The former Baghdad municipal official, Ahmed Jawad Hashem, retired several years ago and lived with his family on the outskirts of the Sadr City neighborhood, an Interior Ministry official said on the condition of anonymity because he was not authorized to speak for attribution. Late on Saturday night, attackers slipped inside his house and shot him and his wife, Nisreen, in the chest and then slit their throats, the official said. The killers then slit the throats of their daughter, Zaineb, and of Haider Abbas, a young man who the official said was either Mr. Hashem's nephew or son-in-law.

Five women employed by Baghdad University were kidnapped on Sunday by gunmen who stopped their minibus in the neighborhood of New Baghdad, in the eastern part of the capital, the Interior Ministry official said.

Few details were available about the deaths of the two American soldiers.

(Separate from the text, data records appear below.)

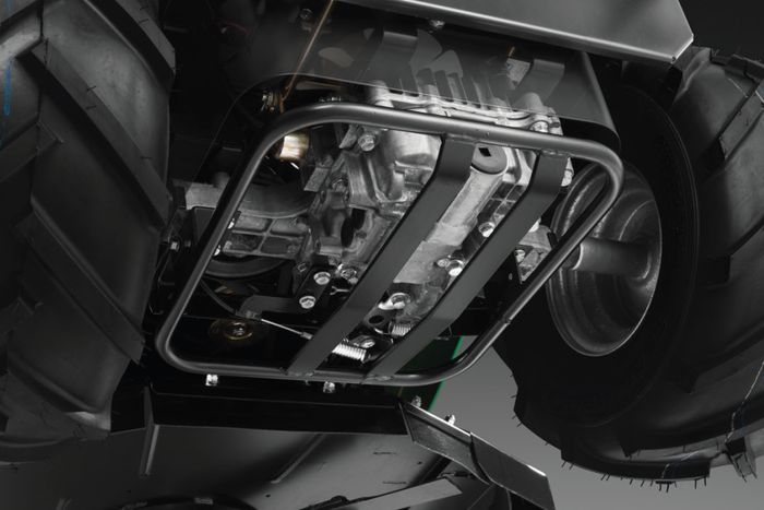 Система механической блокировки дифференциала уменьшает пробуксовку колес и обеспечивает надежную сцепку с поверхностью даже в сложных условиях работы. Это защищает газон от повреждений и увеличивает маневренность машины.
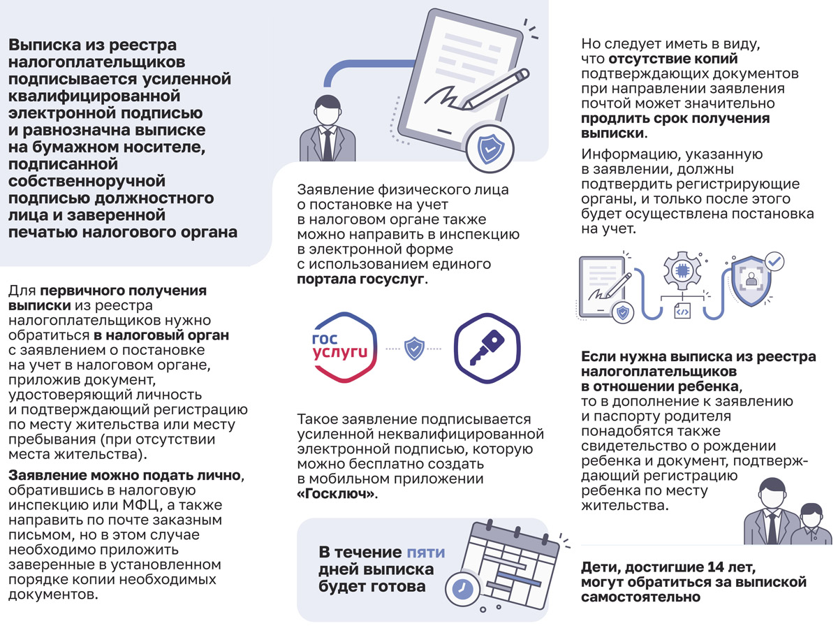 Если нужна выписка из реестра налогоплательщиков в отношении ребенка, то в дополнение к заявлению и паспорту родителя понадобятся также свидетельство о рождении ребенка и документ, подтверждающий регистрацию ребенка по месту жительства. Дети, достигшие 14 лет, могут обратиться за выпиской самостоятельно.
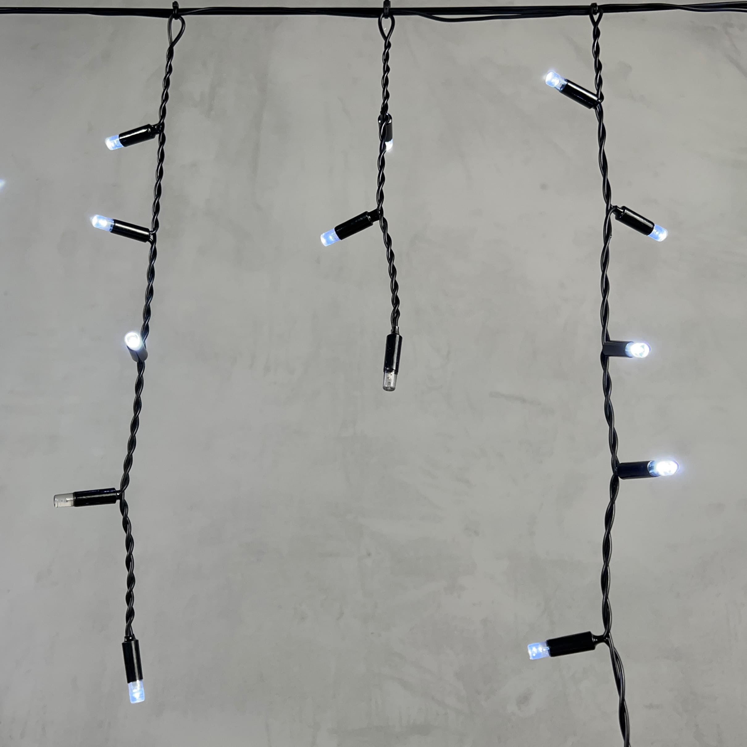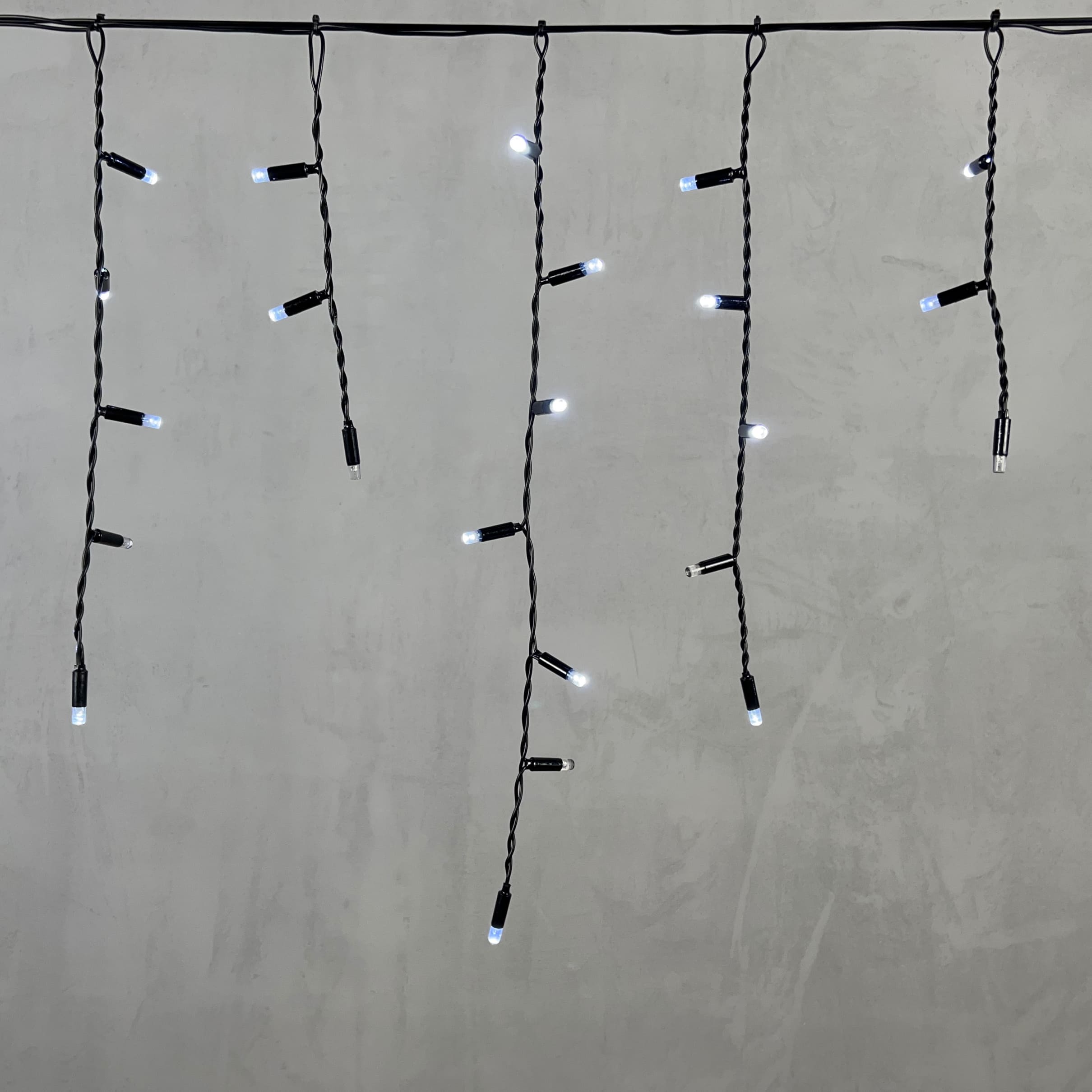 Купить "Гирлянда Бахрома с Колпачком 3,1 x 0,5 м Белая с Мерцанием Белого Диода 220В, 120 LED, Провод Черный ПВХ, IP65 LTC PIL120BLWCAP-11-2W"
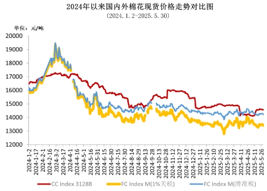 5月,國(guó)內(nèi)出臺(tái)降準(zhǔn)降息一攬子金融政策,中美日內(nèi)瓦經(jīng)貿(mào)會(huì)談聯(lián)合聲明發(fā)布,大幅降低雙邊關(guān)稅水平,宏觀氛圍明顯好轉(zhuǎn),提振國(guó)內(nèi)棉價(jià)上漲。但棉紡行業(yè)淡季特征明顯,新訂單不足,加上今年氣候條件正常,新棉豐產(chǎn)預(yù)期較強(qiáng),棉價(jià)上漲空間受到抑制。月內(nèi)中國(guó)棉花價(jià)格指數(shù)沖高后有所回落,月均價(jià)略有上漲。同期國(guó)際棉價(jià)月初在關(guān)稅政策利好消息支撐下大幅反彈,但后期因美國(guó)政策不斷反復(fù)呈震蕩走勢(shì),月末在美元走強(qiáng)等因素影響下有所回落。
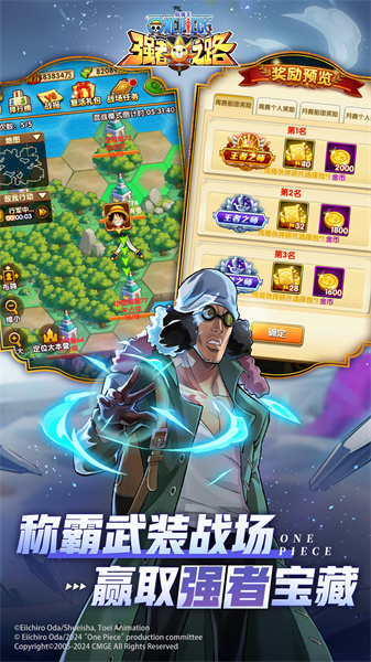 玩家通過(guò)收集和養(yǎng)成原著動(dòng)畫中形形色色的角色來(lái)組成屬于自己的海盜團(tuán),通過(guò)冒險(xiǎn)、闖關(guān)等玩法強(qiáng)化自己的伙伴,在PVP對(duì)決中占據(jù)一席之地,脫穎而出成為最強(qiáng)海盜王。
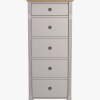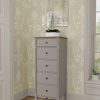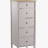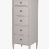 The Laura Ashley Eleanor 5 Drawer Chest features traditionally mounted drawers in is Gustavian inspired shape. The painted finish is complemented with an oak veneered top and pewter effect ring handles. Subtle fluting in legs and scalloped dentils on the lower rail complete the look. Only the legs need to be attached to begin enjoying this piece; full assembly is not required.
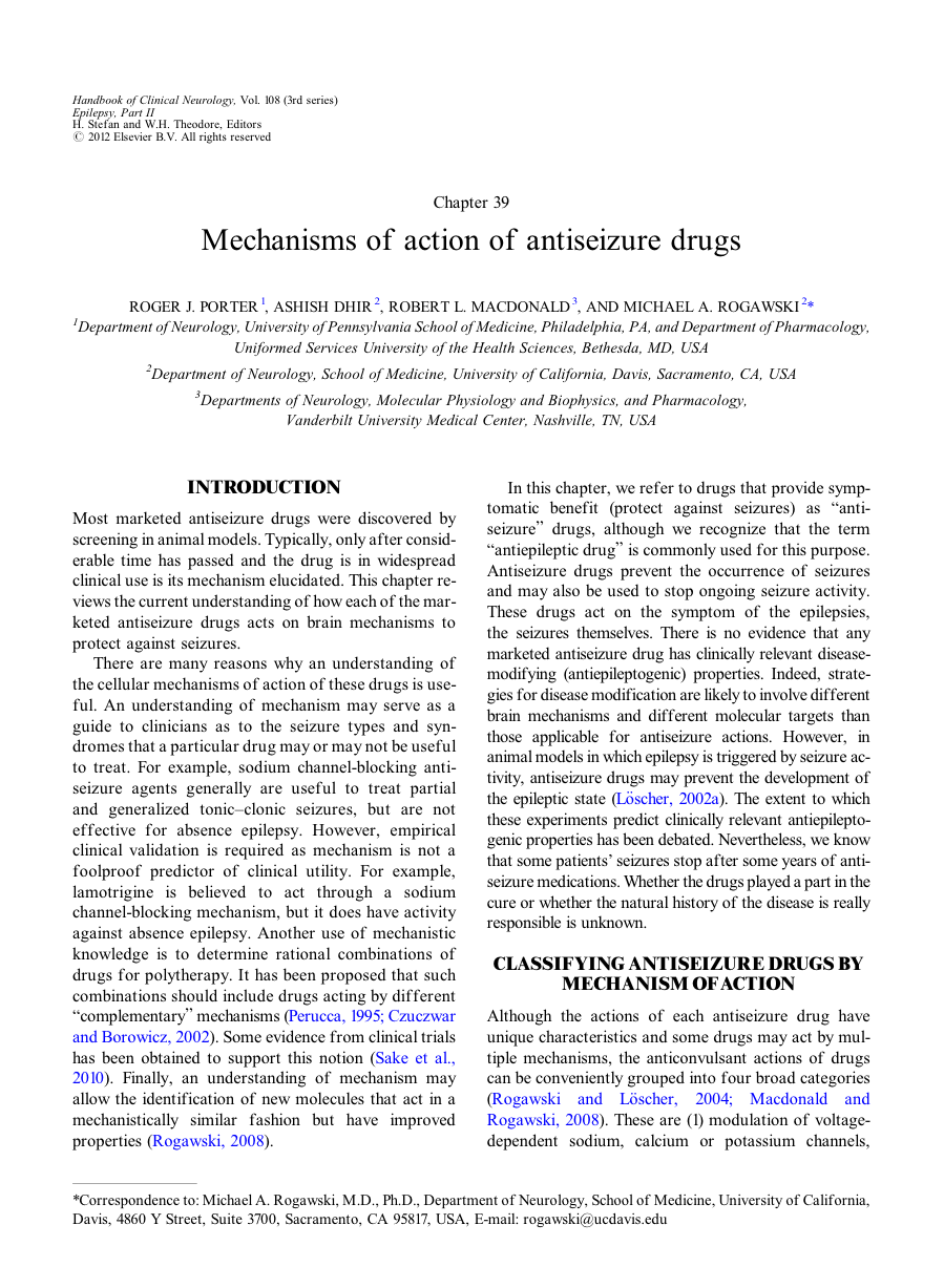 (#3-CV,p19,#135) Porter RJ, Dhir A, Rogawski M, Macdonald R. AED mechanisms and principles of drug treatment. In Stefan H, and Theodore W (Ed): Handbook of Clinical Neurology, 3rd series, Epilepsies Part 2: Treatment. Elsevier, Edinburgh, 2012, 663-681.
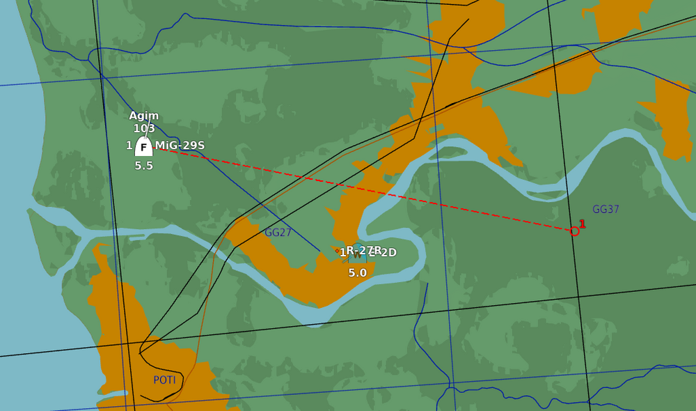 I lunched it in nose to nose possition, than started to turn. Track file is attached. I also attached screenshot of F10 map just before impact. The problem is not missile obviously, but radar of Migs and Suchois. Their radar keeps lock in too wide range of angles. r27.trk
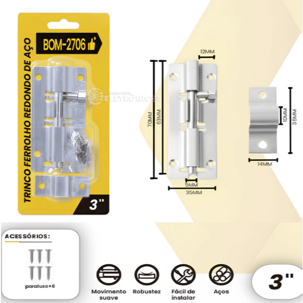 Trinco Ferrolho 70mm Aço Inoxidável, Design Funcional e Alta Durabilidade BOM2706
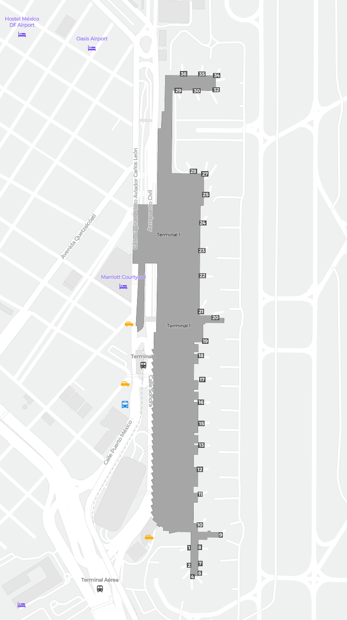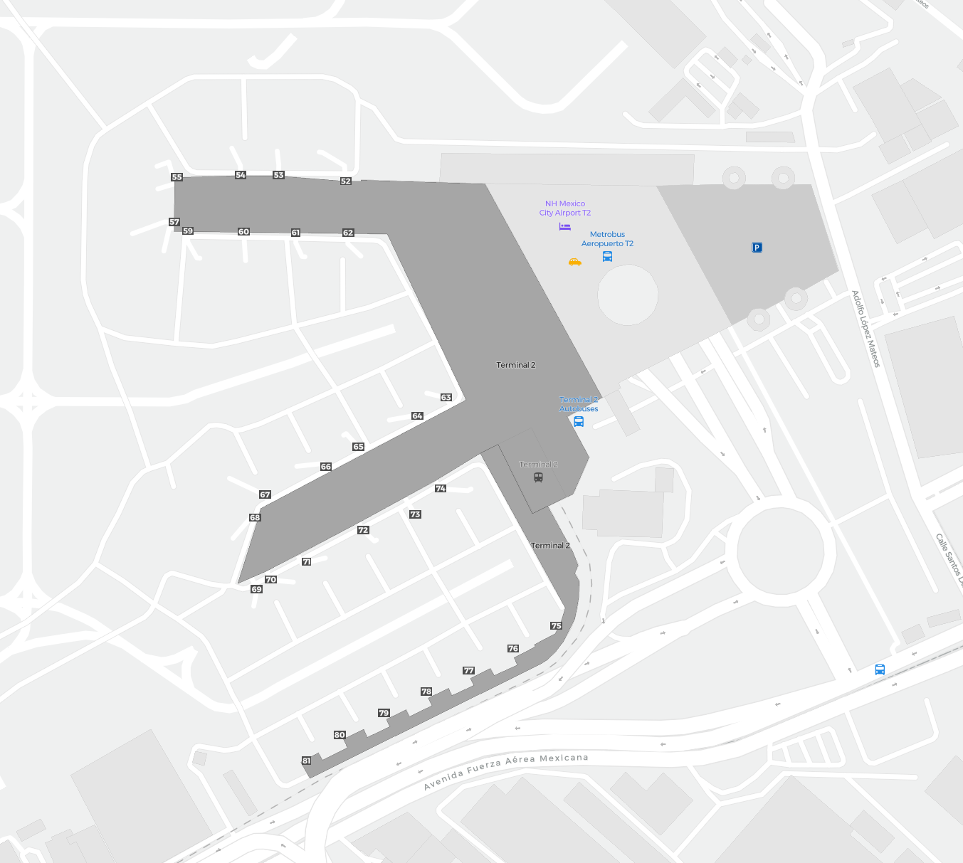 To jest powiększalna mapa nad Meksyk (MEX). Mapa pozwala zobaczyć teren z terminalami, parkingami, a na niektórych lotniskach także szczegóły dotyczące bramek, wypożyczalni samochodów i innych udogodnień przy powiększeniu.

One was killed by an improvised bomb on Saturday while he was patrolling on foot in Baghdad near the heavily protected Shiite neighborhood of Kadhimiya. The other was killed Sunday in his vehicle in northeastern Baghdad when attackers detonated a bomb.

Commanders from the Third Infantry Division, which has deployed large forces south of Baghdad, say militia groups called Concerned Local Citizens, or C.L.C.'s, have not shown signs of returning to the insurgency and continue to grow stronger. But they said the security situation remained tenuous.

Conceivably, they could jump back over the fence and be part of the problem again, the division commander, Maj. Gen. Rick Lynch, told reporters on Sunday in Baghdad. You've got to watch that very closely.